Cardiac MRI > Pathology > Cardiac Masses > Primary Benign Cardiac Tumors
Primary Benign Cardiac Tumors
Myxomas are the most common primary cardiac tumor. They tend to occur in middle aged patients and are more common in women then men. Patients may have peripheral embolization of the tumor, obstruction of an atrial-ventricular valve, or symptoms of a systemic disease (fever, malaise, etc). They are typically pedunculated masses located in the left atrium. T1-weighted spin echo images show a mass with intermediate signal intensity similar to myocardium.

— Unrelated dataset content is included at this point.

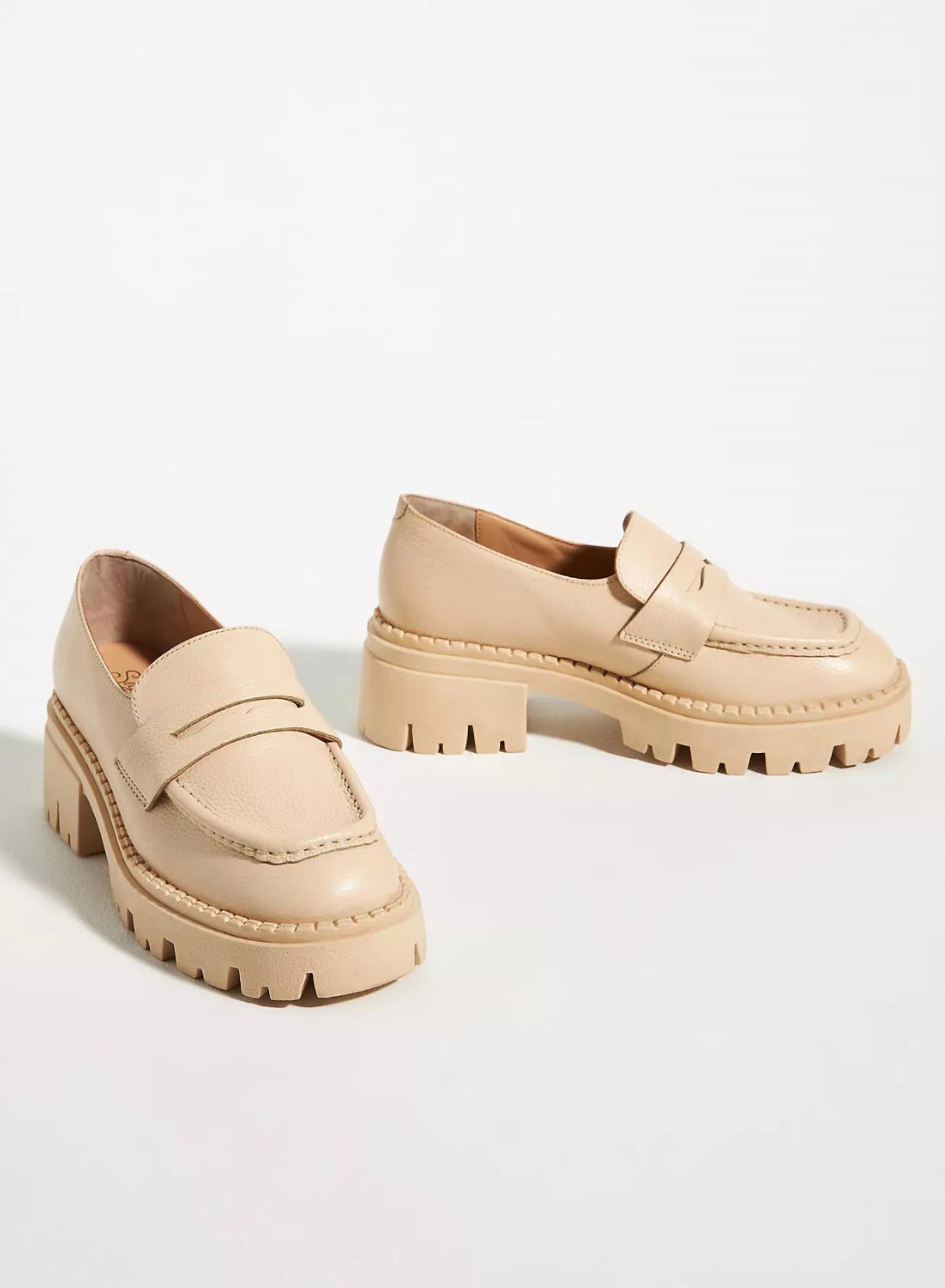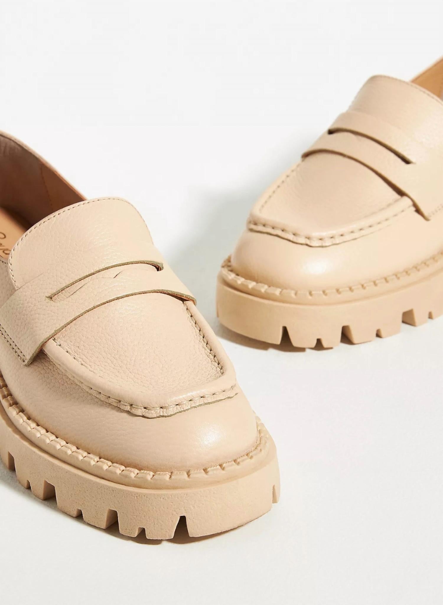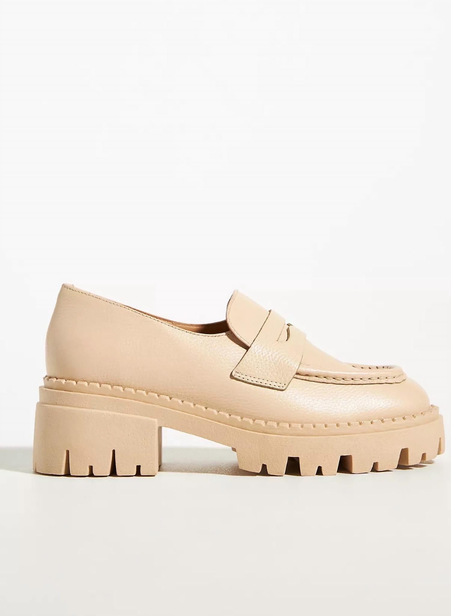 A classic loafer that is both comfortable and polished. Step into style with the Women's Meridian Loafer by Seychelles, offering a fresh take on classic penny loafers. Crafted from rich pebbled leather with a monochromatic ivory finish, these slip-on loafers boast a dramatic lug outsole that perfectly balances old school and new school aesthetics. Featuring a chunky heel height of 2.25 inches and a 1.25-inch platform, these loafers offer a true-to-size fit and a round toe shape for day-long comfort. Made for the modern woman, they're both stylish and durable.

However, this signal may be variable due to calcifications that are hypointense or hemorrhage that is hyperintense to myocardium. On gradient echo images, myxomas usually have a signal lower than the surrounding blood. Myxomas typically enhance heterogeneously.
Lipomas are the second most common primary cardiac tumor, and like fat elsewhere in the body, have a high intensity on T1-weighted images that darkens on fat suppressed sequences. Other benign primary heart tumors include fibroma, rhabdomyoma, and hemangioma.
This gradient echo image demonstrates a myxoma in the right atrium (arrowhead). The myxoma has very low signal intensity due to the thrombus and chronic blood products.
This gradient echo cine from a different patient again shows a left atrial myxoma. During the course of the cardiac cycle the tumor moves into the mitral valve, which can cause obstruction. This myxoma is attached to the atrial septum.